Comparing the two dominant CIPP curing technologies
UV (ultraviolet) curing and steam curing are the two dominant methods for hardening the resin in a CIPP liner. Both produce structurally equivalent rehabilitations meeting ASTM F1216 — but operationally, the two methods differ significantly. This article compares them across seven evaluation criteria.

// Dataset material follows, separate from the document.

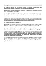 Landtag Brandenburg Drucksache 7/1824 zu Frage 1: Im Zeitraum vom 22. Dezember 2018 bis 31. Dezember 2019 wurden im Land Brandenburg 17 Anträge auf Änderung des Geschlechtseintrags gestellt. Frage 2: In wie vielen der Fälle im Sinne der Frage 1 wurde der Antrag abgelehnt bzw. wurde noch keine Entscheidung getroffen? zu Frage 2: In einem Fall wurde der Antrag auf Änderung des Geschlechtseintrags abge- lehnt. In diesem Verfahren hat die betroffene Person Klage erhoben, die derzeit noch an- hängig ist. Frage 3: In wie vielen Fällen im Sinne der Frage 1 erfolgte die ärztliche Bescheinigung bzw. die Änderung der Geschlechtsangabe nicht aufgrund biologisch-körperlicher Merkmale, sondern aufgrund von psychologischem Geschlechtsidentitätsempfinden? zu Frage 3: Dies erfolgte in keinem Fall. Frage 4: Bei wie vielen Neugeborenen wurde seit Inkrafttreten der neuen Bestimmung des PStG im Land Brandenburg die Geschlechtszugehörigkeit mit „divers“ eingetragen? zu Frage 4: Bei keinem Neugeborenen im Land Brandenburg wurde im Zeitraum vom 22. Dezember 2018 bis 31. Dezember 2019 die Geschlechtsangabe „divers“ eingetragen. Frage 5: Wie viele Bewerbungen gingen bei den verschiedenen Behörden und Stellen des Landes Brandenburg auf ausgeschriebene Stellen ein, seit bei den Stellenangeboten die Geschlechteroption „m/w/d“ vermerkt wird, in wie vielen dieser eingegangenen Bewerbun- gen lautete die Geschlechterangabe der sich bewerbenden Person „divers“ und wie viel Prozent aller Bewerbungen entsprach dies? zu Frage 5: Angaben zu der Gesamtzahl der Bewerbungen auf Stellenausschreibungen des Landes Brandenburg mit dem Vermerk „m/w/d“ liegen der Landesregierung nicht vor. Ebenso liegen keine Angaben darüber vor, bei wie vielen Bewerbungen die Geschlechtsan- gabe „divers“ lautete. -2-

| Criterion | UV-CIPP | Steam-Cured CIPP |
|---|---|---|
| Resin System | UV-curable (photo-initiator) | Polyester or vinyl ester (heat-cured) |
| Energy Source | UV light train | Steam boiler / hot water |
| Energy Consumption | Low — UV lamps only | Higher — steam generation |
| Cure Time per Section | Fast (minutes) | Longer (hours) |
| Process Inspectability | Excellent — visual + sensor | Limited — temperature only |
| Seasonal Constraints | None — year-round | Cold weather slows steam delivery |
| Capital Equipment Cost | Higher (UV vehicle) | Lower (steam boiler) |
| Optimal Use | Year-round high-value urban projects | Cost-sensitive large-diameter rehab |
UV-CIPP excels for high-value urban projects where construction speed, year-round operation, and process controllability justify the higher capital cost. Steam-cured CIPP remains cost-optimal for large-diameter drainage rehabilitation where pH is near-neutral and project budget is the controlling variable. Many contractors operate both systems to match the right method to each project.